I’m in the back seat of the car. We’re driving North to Edmonton. Mom is sleeping in the front seat while Dad chews beef jerky and occasionally coughs from its spices. I am trying not to think of the people I will be leaving behind and the pain I will cause some of them. Obviously, I am having difficulties averting my mind from these topics.
I am trying to be optimistic. Every one of my travel experiences has been an incredible blessing. With each new place I visit, I feel less afraid of death, because I feel I have fulfilled more of my life. There’s a line from The Big Lebowski where one character says he’s comfortable with dying because he’s seen Los Angeles – if he died now, he wouldn’t feel like God ripped him off.

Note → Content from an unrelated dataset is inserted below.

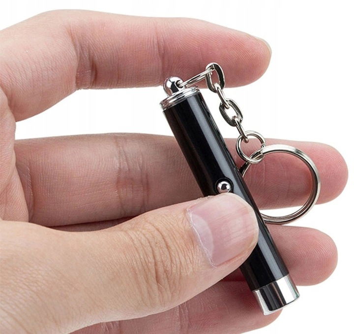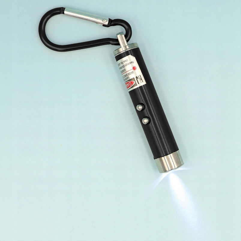 Z laserem dostaniesz również karabińczyk, który pozwoli przyczepić Ci laser na przykład do kluczy lub spodni.

I’m trying to focus on the opportunity at hand. I’ll be making decent money doing what shouldn’t be the most strenuous work imaginable while living in a foreign country. There, I will have the chance to develop my photographic skills while pointing my lenses at some fantastic subjects. With some determination, I will be able to begin building my future as a professional photographer. A few travel articles here, a new website there, a whole bunch of submissions to stock agencies and I can start to make it happen.
But still, I keep my expectations low. Just in case. My hopes can be high, but if my expectations follow suit, disappointment is often not far behind.
But once I arrive in Japan, these ruminations will hopefully cease and I will engage myself more thoroughly with the land, its people, its culture and its images. Then maybe I won’t have to try so hard to not think of things.